═════ PROVIDED RECORDS
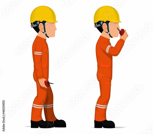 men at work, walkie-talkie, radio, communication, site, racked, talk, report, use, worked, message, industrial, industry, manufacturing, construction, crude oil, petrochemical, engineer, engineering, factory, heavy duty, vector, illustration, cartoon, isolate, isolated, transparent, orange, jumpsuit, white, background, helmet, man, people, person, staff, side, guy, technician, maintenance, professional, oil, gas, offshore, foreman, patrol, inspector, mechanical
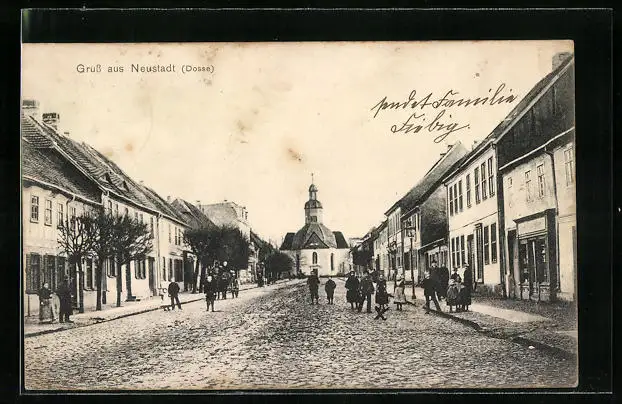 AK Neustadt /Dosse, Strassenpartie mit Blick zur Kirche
══════════
═════ PROVIDED RECORDS
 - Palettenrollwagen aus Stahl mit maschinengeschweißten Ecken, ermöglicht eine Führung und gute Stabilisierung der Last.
══════════
## WORK REQUEST
Give the lines above again exactly, from the one containing "patrol, inspector, mechanical" to the one containing "AK Neustadt /Dosse, Strassenpartie", both included, but leave out the pictures.

## SOLUTION TO THIS PROBLEM
 men at work, walkie-talkie, radio, communication, site, racked, talk, report, use, worked, message, industrial, industry, manufacturing, construction, crude oil, petrochemical, engineer, engineering, factory, heavy duty, vector, illustration, cartoon, isolate, isolated, transparent, orange, jumpsuit, white, background, helmet, man, people, person, staff, side, guy, technician, maintenance, professional, oil, gas, offshore, foreman, patrol, inspector, mechanical
 AK Neustadt /Dosse, Strassenpartie mit Blick zur Kirche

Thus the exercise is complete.